- The Washington Times - Monday, June 25, 2007

BAGHDAD — Saddam Hussein’s cousin, known as “Chemical Ali,” and two other regime officials were sentenced yesterday to hang for slaughtering up to 180,000 Kurdish men, women and children with chemical weapons, artillery barrages and mass executions two decades ago.

Two other defendants were sentenced to life in prison for their roles in the 1987-88 crackdown, known as “Operation Anfal.” A sixth defendant was acquitted for lack of evidence. Death sentences are automatically appealed.

The most notorious defendant was Saddam’s cousin, Ali Hasan al-Majid, who gained his nickname for ordering the use of mustard gas and nerve agents against the Kurds in response to their collaboration with the Iranians during the 1980-88 Iran-Iraq War.

Witnesses testified that Iraqi government forces indiscriminately attacked women and children, burned crops, killed livestock and rounded up civilians into detention camps in a campaign to exterminate the restive Kurdish minority.

The defendants insisted that they were defending the nation against Kurdish guerrillas who had sided with Iran during the bloody eight-year war.

Al-Majid, once among the most powerful and feared men in Iraq, trembled in silence as Judge Mohammed Oreibi al-Khalifa read the verdict against him and imposed five death sentences for genocide, war crimes and crimes against humanity.

“You had all the civil and military authority for northern Iraq,” Judge al-Khalifa said. “You gave the orders to the troops to kill Kurdish civilians and put them in severe conditions. You subjected them to wide and systematic attacks using chemical weapons and artillery. You led the killing of Iraqi villagers. You restricted them in their areas, burned their orchards, killed their animals. You committed genocide.”

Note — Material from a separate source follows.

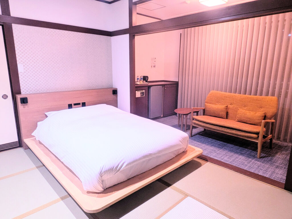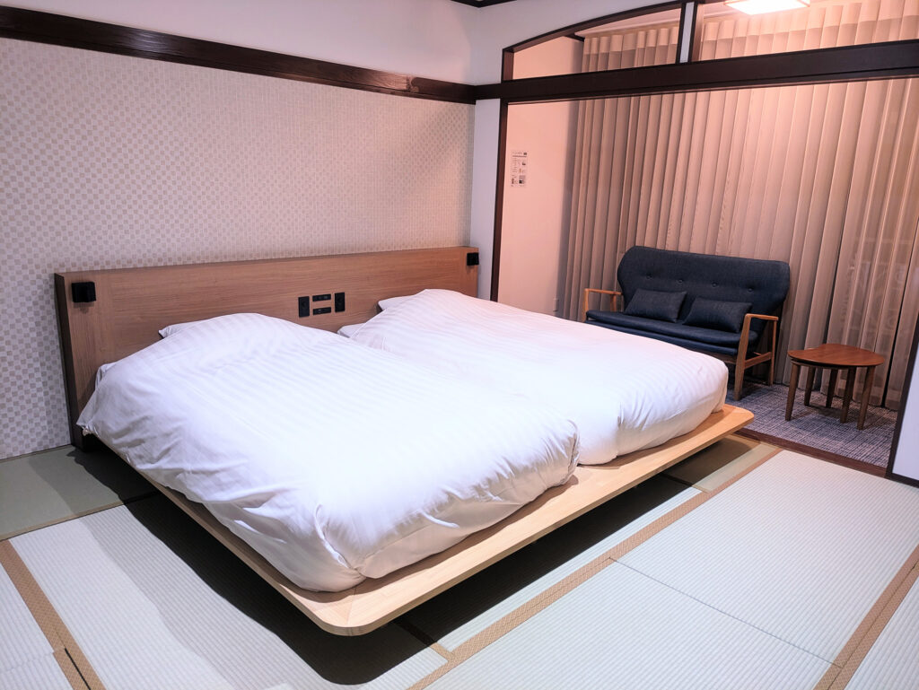 セミダブルのベッドを小上がりに2つ並べた和モダンスタイルの客室。2名様ご利用であればゆったりと過ごすことができます。3名様ご利用時はエキストラベッドをご用意いたします。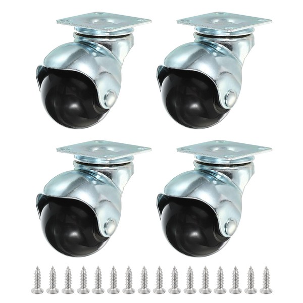 PATIKIL 1.5 Inch Ball Caster Wheels Set of 4, 360° Rotating Swivel Top Plate Wheels 298 lbs Total Capacity Caster with M4 Screws for Furniture Table Cabinet Silver

“Thanks be to God,” Al-Majid said as he was led from the courtroom.

Also sentenced to death were Sultan Hashim Ahmad, the former defense minister who led the Iraqi delegation at the cease-fire talks that ended the 1991 Gulf War, and Hussein Rashid Mohammed, a former deputy director of operations for the Iraqi armed forces.

Farhan Mutlaq Saleh, former deputy director of operations for the armed forces, and Sabir Abdul Aziz al-Douri, former director of military intelligence, were sentenced to life in prison. Taher Tawfiq al-Ani, a former governor of Mosul, was acquitted.

Saddam was among the defendants when the trial began last Aug. 21, but he was hanged four months later for his role in the deaths of more than 140 Shi”ite Muslims in the town of Dujail — the first trial against major figures from the ousted regime.

In northern Iraq, many Kurds welcomed the verdict, even though some were disappointed that Saddam did not have to face the gallows in the Anfal case.

In Halabja, where an estimated 5,000 Kurds were killed in a massive chemical attack in March 1988, a power outage prevented many people from watching the televised proceedings. But dozens gathered in cafes and restaurants that had generators to watch the verdicts.

“I would never miss this,” said Peshtiwan Kamal, 24, who was too young to remember the attacks. “I always heard from my family what those criminals did to my people. So I just wanted to see how they would take the verdict and punishment.”

A small rally was also held at a memorial garden in the Halabja cemetery.